Records for the exercise section start

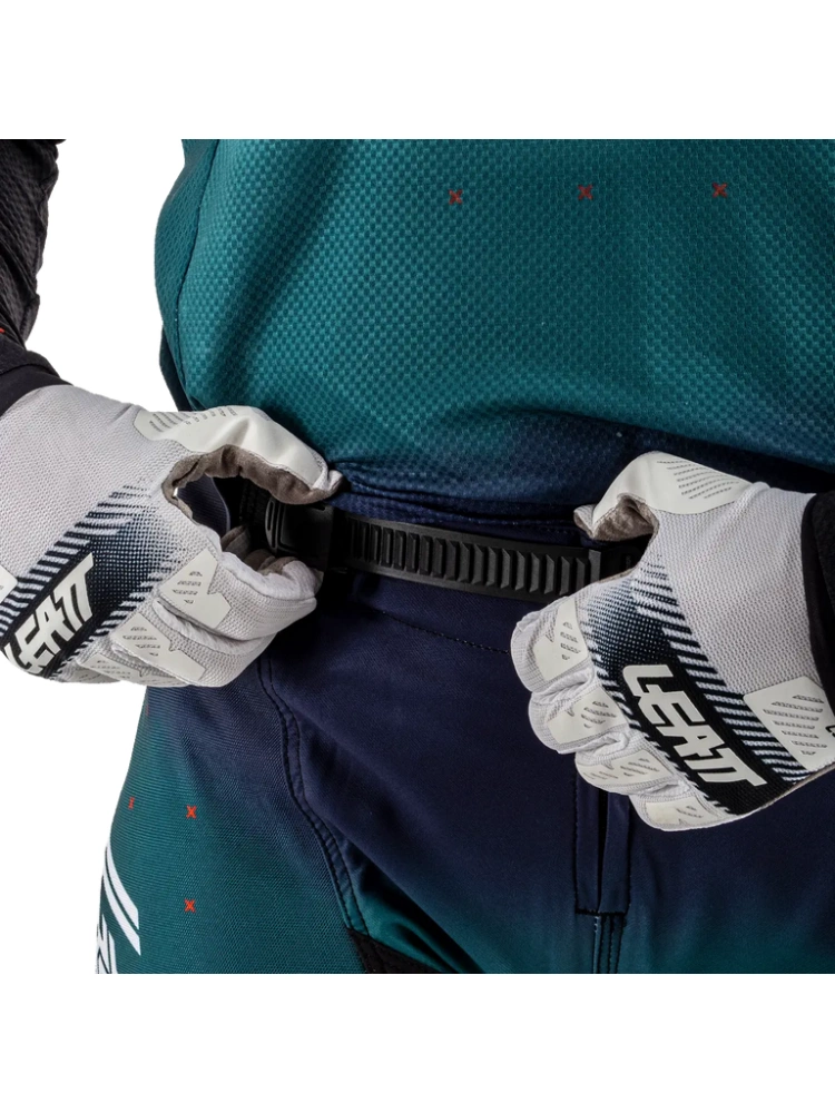 Spodnie Leatt Moto 4.5 to nowa, ulepszona wersja cenionego modelu, zaprojektowana z myślą o wymagających miłośnikach enduro i motocrossu. Aż 70% konstrukcji wykonano z elastycznego i niezwykle wytrzymałego materiału Twisted Yarn Stretch, co zapewnia swobodę ruchów oraz odporność na uszkodzenia. Wielowarstwowe panele skórzane umieszczone po wewnętrznej stronie łydek chronią przed wysoką temperaturą silnika i przetarciami, a elastyczne wstawki 900D dodatkowo zwiększają trwałość. Spodnie wyposażono w powłokę odporną na zabrudzenia, dzięki czemu łatwiej utrzymać je w czystości nawet w trudnych warunkach terenowych. System 360° Hypalon Waistlock skutecznie stabilizuje pas, zapobiegając przesuwaniu się odzieży w trakcie jazdy. O bezpieczeństwo dba także wzmocniona konstrukcja kolan 1200D, a zamek YKK z półautomatycznym blokowaniem gwarantuje pewne zapięcie. Dla jeszcze lepszej wentylacji spodnie wyposażono w laserowo wycinane perforowane wstawki, które poprawiają przepływ powietrza. Brak podszewki zapewnia lepsze dopasowanie i oddychalność, co czyni model Moto 4.5 świetnym wyborem na wymagające trasy.
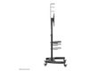 Der Neomounts Bodenständer, das Modell PLASMA-M1900E, ist ein mobiler Bodenständer für Flachbildschirme und Flachbild-Fernseher bis 70" (178 cm). Dieser mobile Ständer ist eine großartige Wahl für platzsparende Platzierung oder wenn Wand-, Deckenmontage oder Schreibtisch Platzierung keine Option sind. Diesen Wagen können Sie in mehreren Räumen in Ihrem Standort nutzen Gibt Ihnen die optimale Positionierung für sowohl stehende als sitzende Zuschauer, in jeder Anwendung, in jedem Teil von Ihrem Standort. Neomounts neig- (20°), und drehbare (90°) Technologie ermöglicht es die Halterung auf jedem Betrachtungswinkel zu ändern, um im vollem Umfang der Möglichkeiten ihres Flachbildschirms zu profitieren. Die Halterung ist manuell höhenverstellbar von 130 bis auf 162 Zentimetern. Intelligentes Kabelmanagament verdeckt und führt Kabel von der Halterung zum Flachbildschirm. Neomounts' Bodenständer PLASMA-M1900E hält Ihren Fernsehe und AV-Geräten. Die Rollen erlaubt ihnen das Stativ dorthin zu bewegen wo Sie es brauchen. Der Trolley ist mit vier massiven Lenkrollen ausgestattet, von denen die beiden vorderen Rollen mit einer Bremse ausgestattet sind. Rollen Sie diesen Wagen leicht durch Türen und über Schwellen. Neomounts PLASMA-M1900E eignet sich für Bildschirme bis 70" (178 cm). Die Tragfähigkeit dieses Produkt ist 50 kg für einen Bildschirm. Das Stativ eignet sich für Bildschirme mit VESA 200x200 bis 600x400mm Lochmuster. Verschiedene andere Lochmuster können, unter Verwendung von Neomounts VESA Adapterplatten, abgedeckt werden. Zügige Montage und Installation. Befestigungsmaterial im Lieferumfang enthalten.
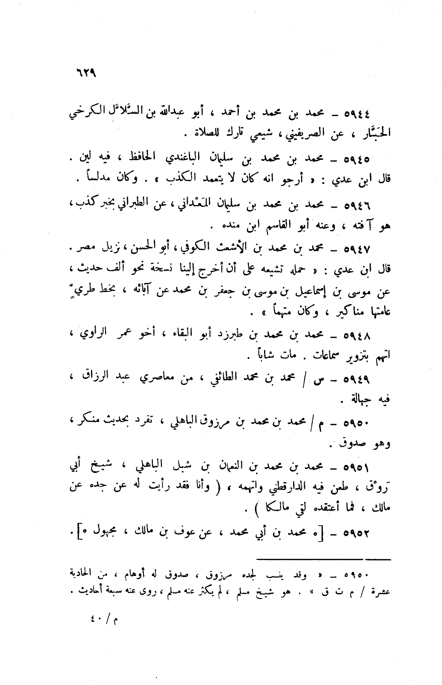 5951 - مُحَمَّد بن مُحَمَّد بن النُّعْمَان بن شبْل الْبَاهِلِيّ شيخ أبي روق طعن فِيهِ الدَّارَقُطْنِيّ واتهمه وَأَنا فقد رَأَيْت لَهُ عَن جده عَن مَالك فَمَا أعتقده لَقِي مَالِكًا
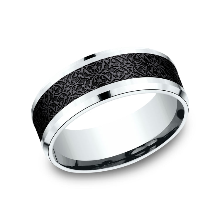8mm, Comfort fit14K White Gold and Black TitaniumOttoman pattern, polished drop bevel edges
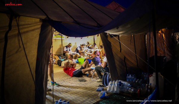 TOP : Le passage sous le brumiateur à l'arrivée. [Mode des top et des flops OFF] Pas simple à transporter ces 3 bouteilles d'ailleurs. Direction la tente 71. Pas de chance on est pratiquement à l'opposé de l'arrivée ce qui fait quelques centaines de mètre en plus à parcourir, et après 7h de course, ou plutôt de marche, 300m, c'est long ! Arrivé à la tente je retrouve LePhil, Gloria et Yves qui sont déjà là. Normal ils sont bien plus rapides. Je suis donc le 4ème chevalier à rentrer au bercail. Une fois encore, l'enchaînement des tâches à venir va se soumettre à un rituel précis. Vidage du sac à dos pour le mettre à sécher, préparation de la boisson de récupération, préparation de la collation d'arrivée, changement de tenue pour la tenue de bivouac, toilette Ensuite, suivant les jours et l'état de santé, ce sera les soins chez les toubibs ou sous la tente suivant ce qu'il y a à faire, passage à la tente email, puis retour à la tente pour préparer le diner et ensuite gros dodo pour préparer la journée du lendemain. Donc cette première journée ne déroge pas à la règle. Arrivé à la tente je détache mon matelas et je vide mon sac à dos que je met à sécher au soleil. Pendant ce temps je sors mon sac zip n°1 avec l'intégralité de mon ravitaillement jusqu'au départ de la course demain. Comme ça, là aussi aucune question à me poser ni de chose à chercher dans les multiples sacs. Je reconstitue ma boisson de récupération. 1 litre d'eau avec un sachet d'Idrolitina, et 2mn après j'ai un litre de St Yorres. Vous n'imaginez même pas le bonheur de boire une eau salée après 7 heures sous le soleil à boire de l'eau plus ou moins chaude et sucrée. Dans le même temps je reconstitue ma collation d'arrivée. En général c'est une compote, parce que c'est rapide à faire, pas besoin de chauffer d'eau et surtout j'aime ça. Pendant que ça se réhydrate, j'enlève intégralement la tenue de course et j'enfile un cuissard léger, un tee shirt et mes tongs. La tenue est mise à sécher également, et là je profite d'un temps calme pour manger et boire, tranquillement. Une fois le ravito terminé, direction la toilette. Pas ou peu d'eau disponible, alors on fait avec. Un gant pré-impregné suffit pour le gros du travail... Et une lingette compressée pour les finitions. Ca permet de conserver un minimum d'hygiène et surtout de se sentir propre, même si c'est assez relatif. On peut passer aux opérations optionnelles... Soins et/ou envoi d'email. Aujourd'hui en enlevant les chaussettes j'ai découvert deux petites ampoules au niveau des orteils. Pas de chance ce sont deux zones que je n'avais pas protégé. Techniquement parlant, j'aurais pu les traiter moi même, mais il y en a une que est placée derrière l'orteil et je me rends compte qu'au fil des années il y a des pliages de jambes que j'arrive de moins en moins à faire. Du coup je me décide à aller voir les docs histoire de faire les choses proprement. Pour le reste rien. Ni blessure, ni douleur. Le choix de la marche a été le bon. Comme c'est le premier jour, je décide de passer également par la case envoi d'email, sauf que je n'avais pas trop anticipé la durée d'attente. Le système est assez bien organisé, après avoir fait une petite file d'attente à l'extérieur, celle-ci se poursuit à l'intérieur de la tente, à l'ombre et avec de quoi s'assoir. Le luxe. Ensuite dès qu'un des 15 ordinateurs se libère, on prend son tour. Choix du clavier (bonne idée), une interface utilisateur super simple, et hop, en quelques minutes on peut rassurer la famille restée sur la terre en leur disant que tout va bien, à condition de connaître l'adresse mail du destinataire. [Mode des top et des flops ON] TOP : La possibilité d'envoyer un message. Un peu d'attente mais ça en vaut la peine. [Mode des top et des flops OFF] Ok ça m'a pris pas mal de temps quand même. Du coup j'enchaîne avec l'infirmerie. Là aussi il y a de l'attente mais on a de quoi s'occuper. Quand on arrive, un doc fait le dispatching entre les soins des pieds et les autres soins, puis nous donne un ticket avec un n° de passage. Ensuite en attendant son tour, on passe à la désinfection. Il y a un grand bac autour duquel on s'installe pour se nettoyer les pieds avec de la betadine. Comme il faut tout détremper, je commence par enlever l'intégralité de mes protections, puis je traite les pieds. Une fois désinfectés, j'enfile les surchaussures données à l'entrée et je vais attendre sous une des tentes de repos mises en place. Petit moment de calme en picolant un peu d'idrolitina. Ah oui, quand vous allez voir les docs, il faut toujours y aller avec une bouteille d'eau pour continuer de s'hydrater pendant l'attente.
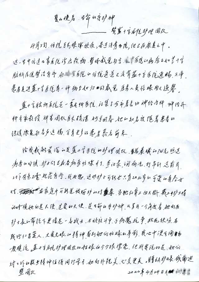 在出院前,患者亲笔写下题为《爱的使者 生命的守护神》的感谢信,高度评价医院神经外科(功能神外)6A病区以沈建康教授领衔的医生团队的技术实力,还特别感激护士们提供的优质护理服务。
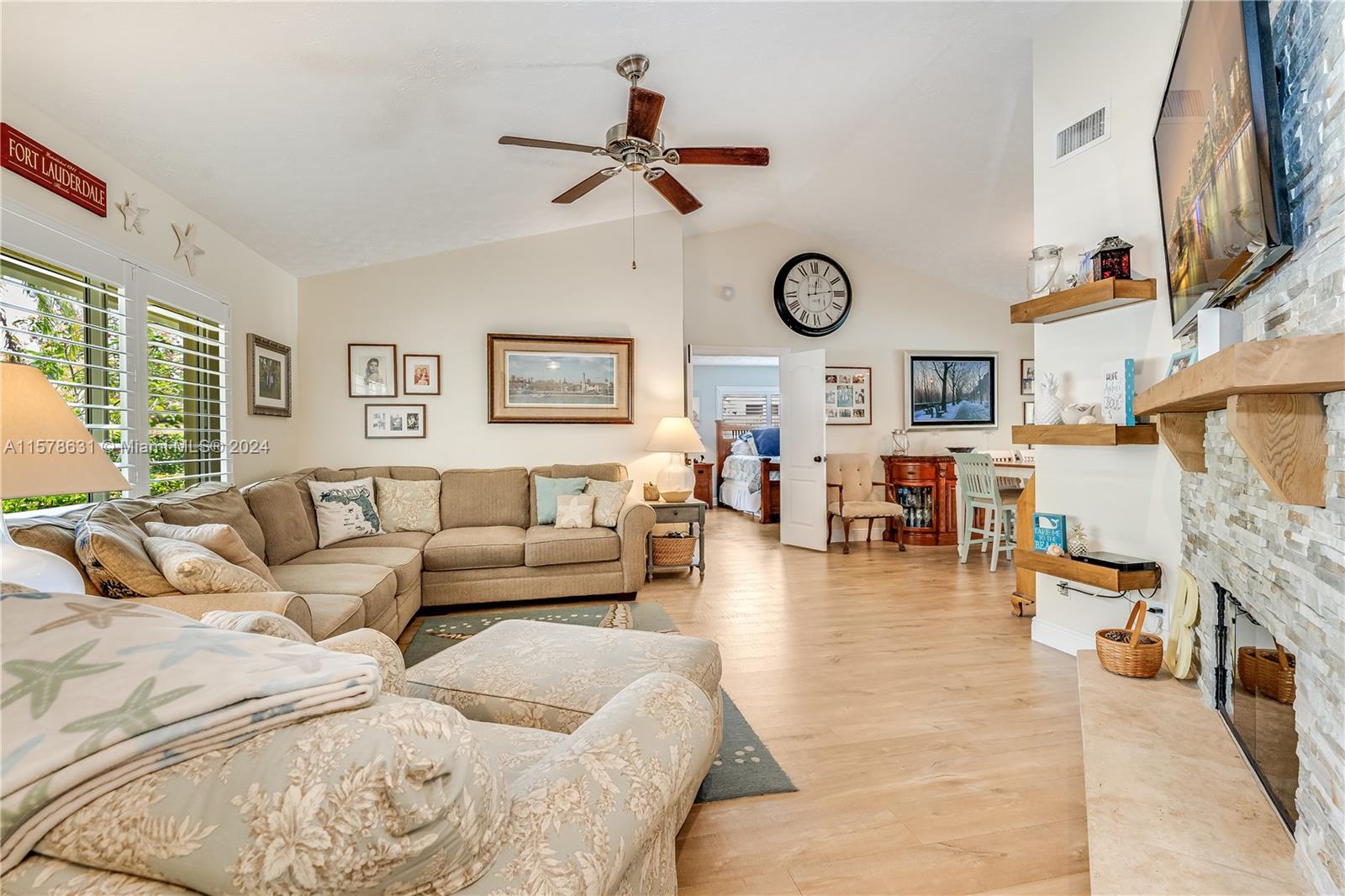 Rarely available in Davie Lake Estates ~ zoned for sought after Pioneer/Cooper City High. This beauty has over $290,000 in upgrades: custom hardwood kitchen with stainless package, 2023 roof, 2018, pool, 2015 impact windows & doors, beautiful vinyl flooring, custom builtins (all closets & garage) Stone wall on fireplace...the list goes ON & ON! Open floor plan with vaulted ceilings & gorgeous views from the many windows & doors. Split bedrooms. Step outside to a true South Florida paradise complete with covered screened patio, sparkling pool AND breathtaking water view. Sit on the dock and fish or enjoy the sunset. HOA only 250/year. Large fenced lot with plenty of room for play, pets & garden. Terrific location off with easy access to both public & private schools, shopping & highways.
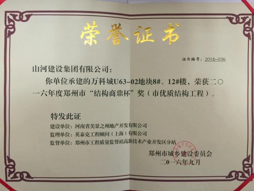 近日,從鄭州市城鄉(xiāng)建設(shè)委員會再次傳來喜訊,山河集團河南公司承建的萬科城U63-02地塊的8#、12#樓榮獲2016年度鄭州市“結(jié)構(gòu)商鼎杯”(市優(yōu)質(zhì)結(jié)構(gòu)工程)獎。這是該項目繼2016年3月獲得“鄭州市建筑施工安全生產(chǎn)標(biāo)準(zhǔn)化示范項目”后,再獲殊榮。
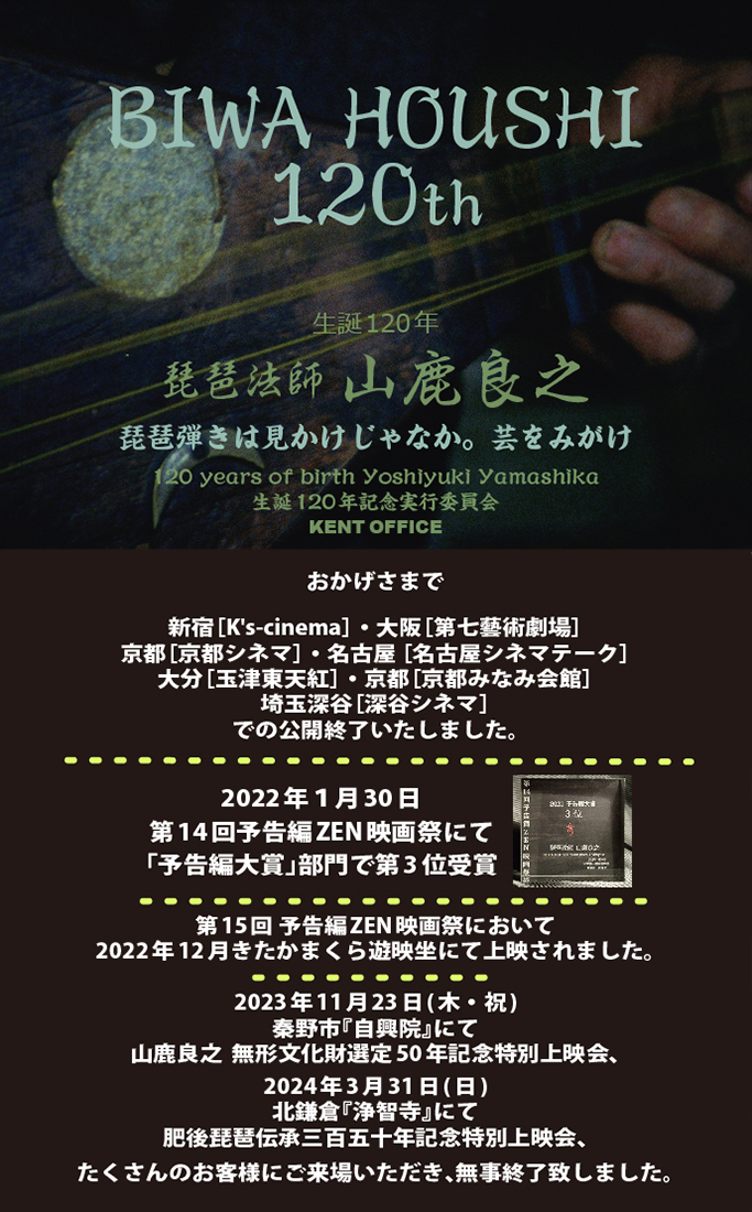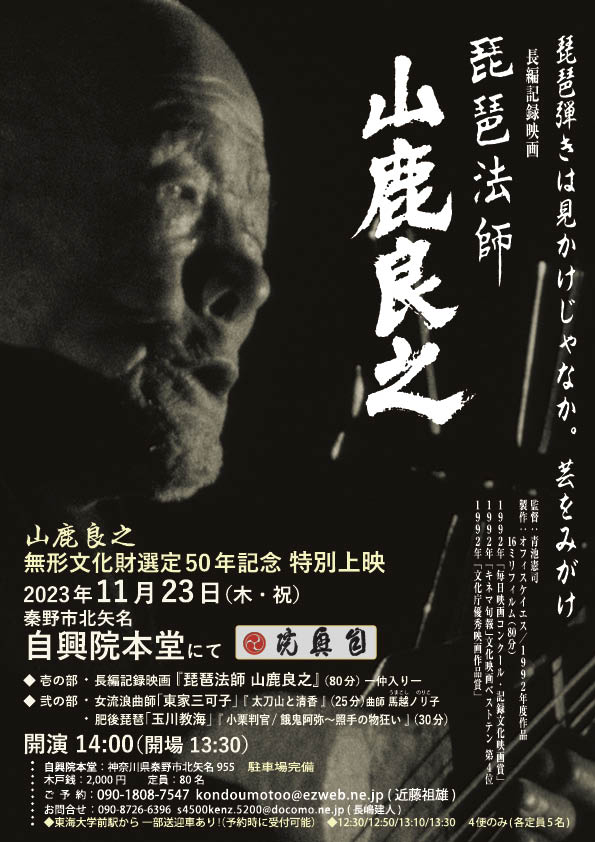 長編記録映画 琵琶法師 山鹿良之 琵琶一本かき鳴らし語り一筋で、大正、昭和、平成を生き抜いた人がいます。 山鹿良之さん、説教節語りの琵琶法師です。1901年(明治34年)生まれですから映画撮影時(1992年)は、91歳。4歳で左眼を失明し、右眼も光を失いつつあり、聴力もおぼつかないのが、今の状態です。毎日飯一合五勺と酒三合を摂り好物の葉は白身魚と明太子とかしわ汁。口跡もとより鮮やか、琵琶を抱けば背筋もキリと伸び、東に竃払い(かまどはらい)あれば行って「般若心経」を唱え、西に演唱会あれば出かけて「小野小町」の一節を語ります。住まいは熊本県玉名郡南関町小原。22歳で肥後琵琶の師に就き、以来70年、琵琶弾きさん《土地の人は親しみをこめてこう呼ぶ)で飯を食いつづけてきました。 山鹿さんの語り物の持ち外題はおよそ40。「小栗判官」や「俊徳丸」のような説教種から「大久保政談一心太助」のような講談ネタまでまさに混淆、「芸人は上手も下手もなかりけり行く先々の水に合わねば」といった趣です。それにしても外題 40種余というのは、語り物のインフォーマントとして圧倒的な伝承量で、仮にその全部を語ったらいったい何百時間になるかという膨大なものです。 この映画は、町の由緒ある芝居小屋、村の古いお宮様、旧家の座敷、そして浅草の演芸場で語り継がれた「小栗」の物語を縦糸に、横糸にはそれを語る山鹿さんの普段の暮らしぶりを織りなして構成されています。山鹿さんは自分の規矩をもって生きる一流の庶民のひとりです。芸の力と日々の過ごし方が混然一体となって醸し出すその魅力、それは、わが隣人、と呼びかけたくなる類の物です。この映画はそんなすばらしい同時代人を記録したものです。
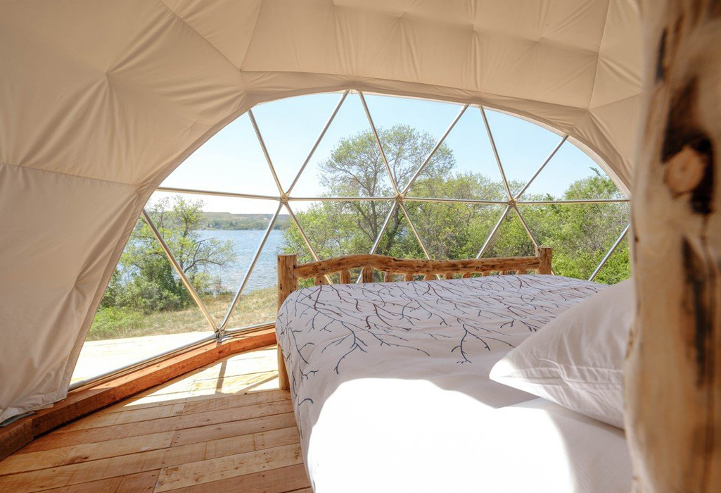 Glamping Resorts Ltd. offers a unique “glamping” experience with two locations in Saskatchewan: Buffalo Pound Lake and Saskatchewan Landing Provincial Park. Its domes are air conditioned and include a private indoor washroom and kitchenette. You and your four-legged friend will enjoy the kilometres of walking trails, scampering along the beach or lounging by your private outdoor firepit.

Records for the exercise section end

Requirement:
Using the records above, reproduce exactly the lines from the line containing "長編記録映画 琵琶法師 山鹿良之" through the last line, with both ends kept and no pictures.

Exercise output:
 長編記録映画 琵琶法師 山鹿良之 琵琶一本かき鳴らし語り一筋で、大正、昭和、平成を生き抜いた人がいます。 山鹿良之さん、説教節語りの琵琶法師です。1901年(明治34年)生まれですから映画撮影時(1992年)は、91歳。4歳で左眼を失明し、右眼も光を失いつつあり、聴力もおぼつかないのが、今の状態です。毎日飯一合五勺と酒三合を摂り好物の葉は白身魚と明太子とかしわ汁。口跡もとより鮮やか、琵琶を抱けば背筋もキリと伸び、東に竃払い(かまどはらい)あれば行って「般若心経」を唱え、西に演唱会あれば出かけて「小野小町」の一節を語ります。住まいは熊本県玉名郡南関町小原。22歳で肥後琵琶の師に就き、以来70年、琵琶弾きさん《土地の人は親しみをこめてこう呼ぶ)で飯を食いつづけてきました。 山鹿さんの語り物の持ち外題はおよそ40。「小栗判官」や「俊徳丸」のような説教種から「大久保政談一心太助」のような講談ネタまでまさに混淆、「芸人は上手も下手もなかりけり行く先々の水に合わねば」といった趣です。それにしても外題 40種余というのは、語り物のインフォーマントとして圧倒的な伝承量で、仮にその全部を語ったらいったい何百時間になるかという膨大なものです。 この映画は、町の由緒ある芝居小屋、村の古いお宮様、旧家の座敷、そして浅草の演芸場で語り継がれた「小栗」の物語を縦糸に、横糸にはそれを語る山鹿さんの普段の暮らしぶりを織りなして構成されています。山鹿さんは自分の規矩をもって生きる一流の庶民のひとりです。芸の力と日々の過ごし方が混然一体となって醸し出すその魅力、それは、わが隣人、と呼びかけたくなる類の物です。この映画はそんなすばらしい同時代人を記録したものです。
 Glamping Resorts Ltd. offers a unique “glamping” experience with two locations in Saskatchewan: Buffalo Pound Lake and Saskatchewan Landing Provincial Park. Its domes are air conditioned and include a private indoor washroom and kitchenette. You and your four-legged friend will enjoy the kilometres of walking trails, scampering along the beach or lounging by your private outdoor firepit.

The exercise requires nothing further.